Surviving Takes All Kinds of Friends

C.S. Lewis once said that friendship “has no survival value; rather it is one of those things which give value to survival.” He was partially right. Friendship undoubtedly improves the quality of our our lives. Yet evidence suggests it also improves the quantity. One study on elderly Australians showed that having a larger network of friends reduced people’s chances of dying over 10 years by 22%, even after controlling for other variables like age, health, and lifestyle.

Believe it or not, the same is true for oak trees.

For starters, oak trees draw great strength from each other. Like other groves of trees, when oaks are planted in small groups their root systems actually interlock. Quoting from Douglas Tallamy’s definitive text The Nature of Oaks:

In most treed areas of the country, trees grow in forests, not by their lonesome. Yes, each member of the forest is a bit smaller than it would be on its own, but it is also far more stable… forming a continuous matrix of large and small roots that is extraordinarily difficult to uproot. When the big winds come, grouped trees may lose a branch or two… but they rarely blow over entirely.

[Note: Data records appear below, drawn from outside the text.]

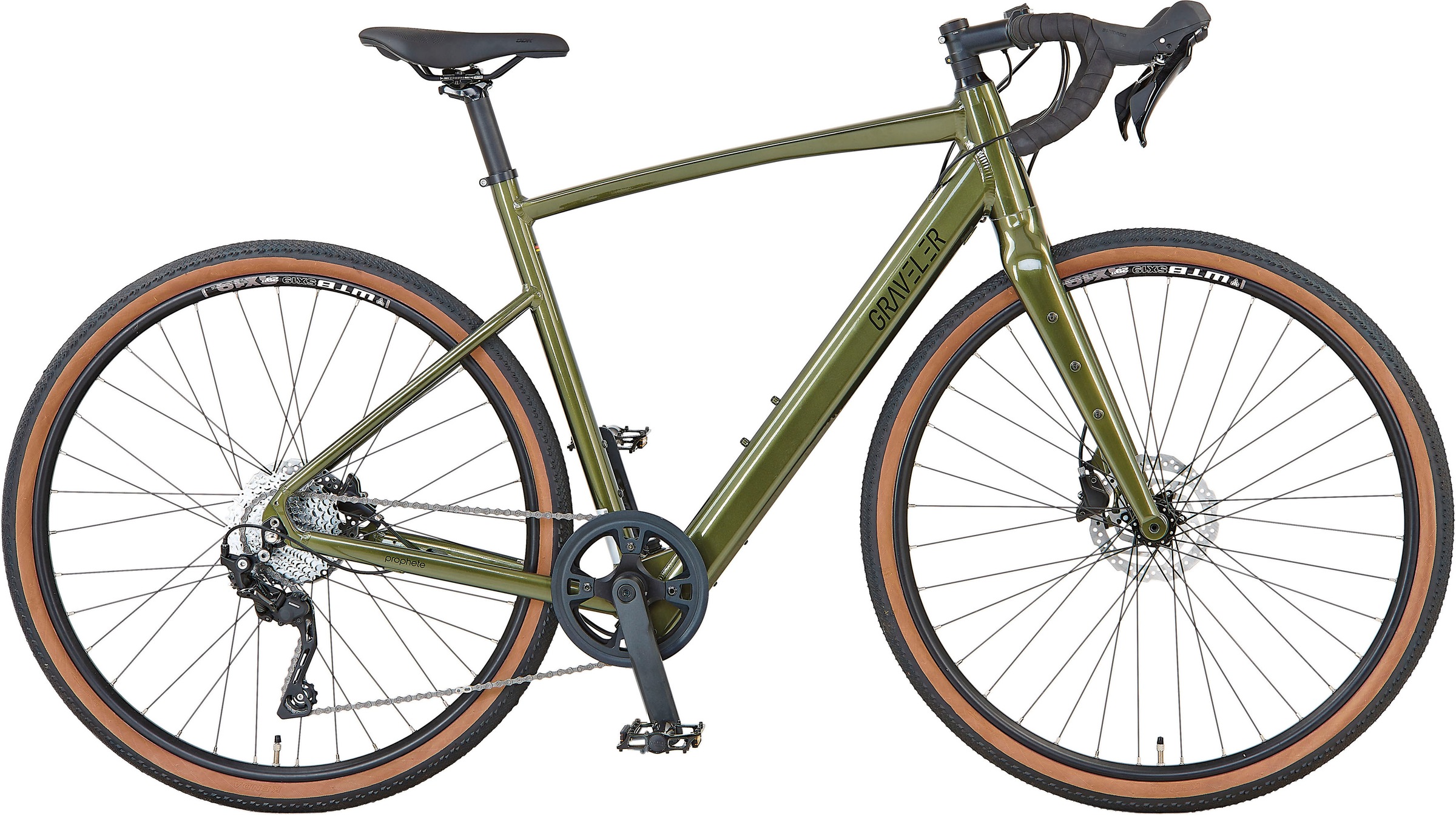 E-Bike PROPHETE "Graveler 1.0" Gr. 53, grün (grün, schwarz), Elektrofahrräder, 53cm, 28 Zoll (71,12cm), Pedelec, Elektrofahrrad für Herren
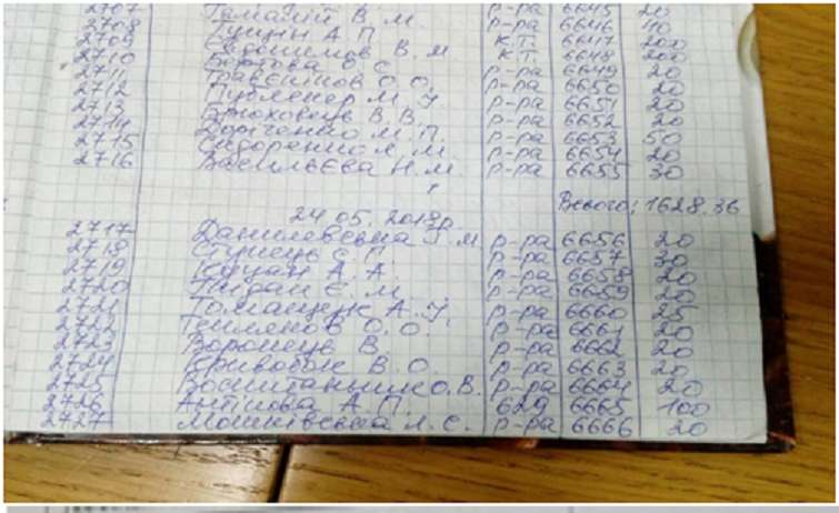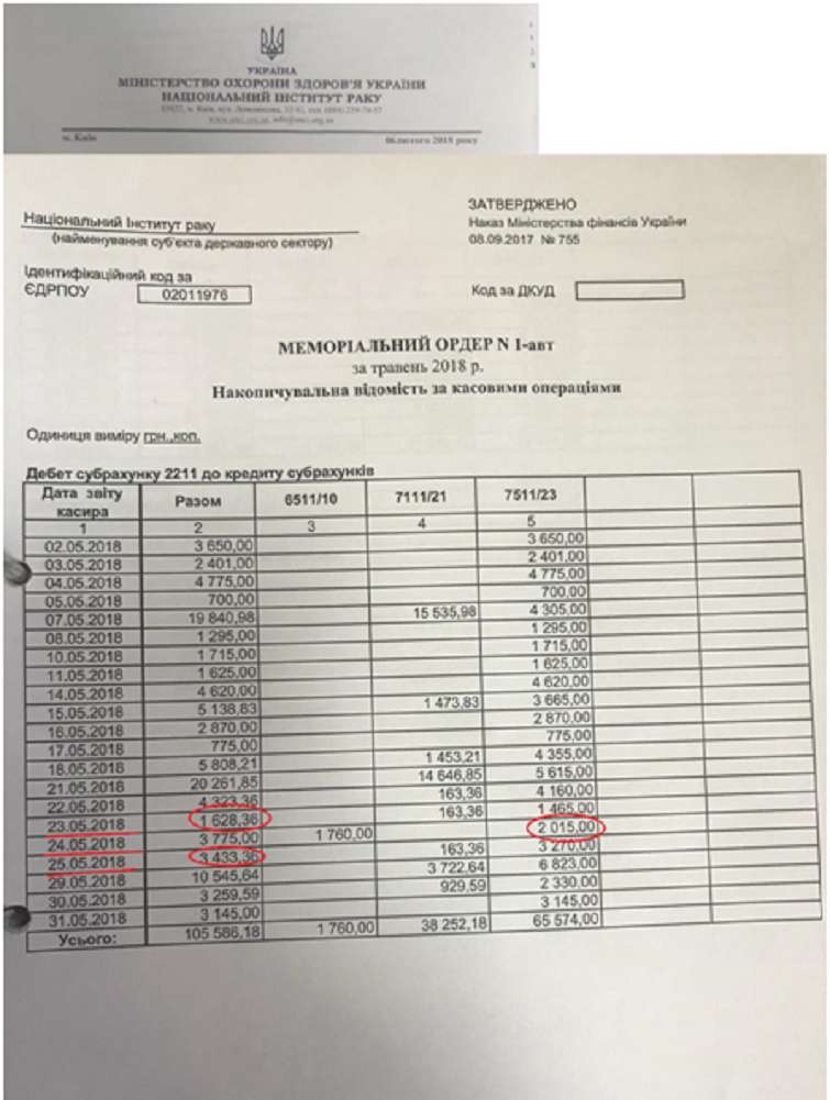Каждая сумма за май подтверждается не только "черной кассой" - тетрадью в клеточку - но и официальными переводами Института рака на свой казначейский счет. 1648 гривен за 23 мая 2015 гривен за 24 мая.
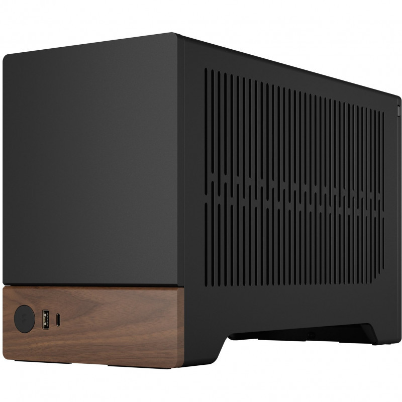 "Fractal Design Terra . Form factor: Small Form Factor (SFF), Type: PC, Product colour: Graphite. Supported power supply form factors: SFX, SFX-L. Bottom fans diameters supported: 120 mm, Side radiator sizes supported: 120 mm. Supported HDD sizes: 2.5"", SSD form factor: 2.5"". Width: 153 mm, Depth: 343 mm, Height: 218 mm"\n"Terra is a PC case designed and engineered to reshape the small form factor gaming experience. Inspired by the homes of modern gamers, Terra incorporates boutique design features such as thick panels cut from anodized aluminum, CNC-milled details and FSC-certified solid walnut. Inside, it includes a PCIe 4.0 riser cable and features a stepless slidable central wall for build flexibility, providing space for a powerful GPU up to 322 mm in length.
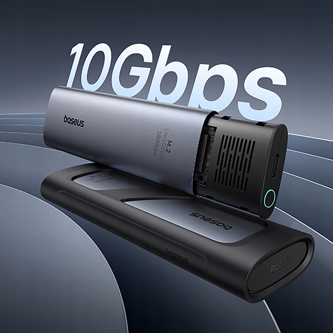 Завдяки порту USB3.2 Gen 2 і швидкості передачі до 10 Гбіт/с відсік для твердотільних накопичувачів Baseus FlyJoy забезпечує швидке й ефективне передавання даних. У комплект входить кабель USB-C / USB-C, який дозволяє підключати різні пристрої, такі як телефони, планшети, ігрові консолі Steam Deck або ROG Ally. Тож ви можете будь-коли створювати резервні копії своїх фотографій і відео, безперешкодно зберігати HD-відео та легко й швидко завантажувати ігри.
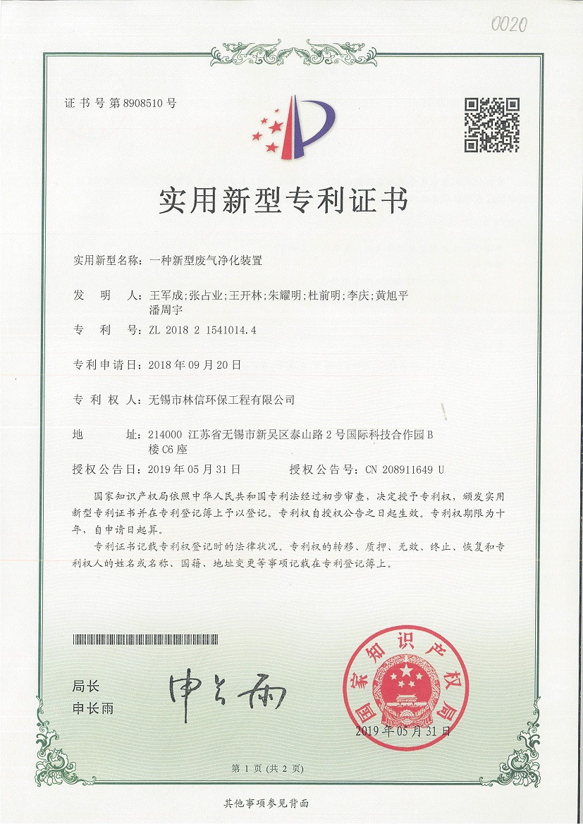公司具有環保工程專業承包叁級資質、江蘇省環境污染治理能力評價證書、安全生產許可證(建筑施工),于2013年通過ISO9001國際質量管理體系認證,被評為“高新技術企業”、 “中國科技創新型中小企業100強”、“重質量、守信譽誠信施工單位”和“江蘇省十佳環保工程施工企業”。公司獲發明專利、實用專利等共計18項。公司自主開發的“污染防治設施在線監控管理系統”獲得“科技型中小企業技術創新基金立項證書”并通過驗收。

Oaks also find many friends within the animal kingdom. Some make their homes in trunks that stretch 30+ feet in girth or branches that reach a hundred feet high. An oak’s canopy can provide more shelter than five average single-story American houses, which shields an understory of more than 15,000 square feet. The acorns that fall within that canopy are dietary staples for 150+ different species, including squirrels, turkeys, deer, and birds.

Of all the animals who feast on acorns, the most symbiotic relationship appears to exist between oaks and blue jays. Why? Blue jays cache up to 5,000 acorns each year, selecting healthy acorns with nearly 90% accuracy and depositing them up to 2.5 miles away. And while jays are highly proficient hoarders, they seem to only remember about a quarter of their hiding places before springtime. This means an individual bird plants over three thousand oak trees in his 10+ year life span. Such prodigious planting likely explains how oak trees grew dominant across so much of North America after the last ice age – blue jays simply spread acorns faster than wind could disperse other seeds.

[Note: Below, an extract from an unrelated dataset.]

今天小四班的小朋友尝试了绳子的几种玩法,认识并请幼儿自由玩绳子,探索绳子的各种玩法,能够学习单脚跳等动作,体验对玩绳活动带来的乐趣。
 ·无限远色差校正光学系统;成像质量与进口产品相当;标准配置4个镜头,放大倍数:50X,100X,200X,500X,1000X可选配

Even an oak tree’s dead leaves are fodder for friendship. A single mature oak (with half a million leaves) provides food and shelter for 100,000 springtails, 90,000 proturans, 250,000 arthropods, and over 1,000,000 nematodes per square meter of leaf “litter.” Within the rhizosphere (soil-root interface) of a single tree, literally billions of tiny creatures live out their lives returning nutrients to the soil, protecting the oak against myriad invasive species, and preserving the water table from ecological devastation.

If oaks have to rely on a diverse network of friends to thrive, it comes as no surprise that humans do as well. This was most evident to me when I tried tackling a full Ironman triathlon in 2018. That day it wasn’t the hundreds of hours I had spent training that pushed me over the finish line. It wasn’t my (minimal) talent, my carefully planned nutrition, or my gear. And though I was incredibly lucky at several points during that day, it wasn’t even luck.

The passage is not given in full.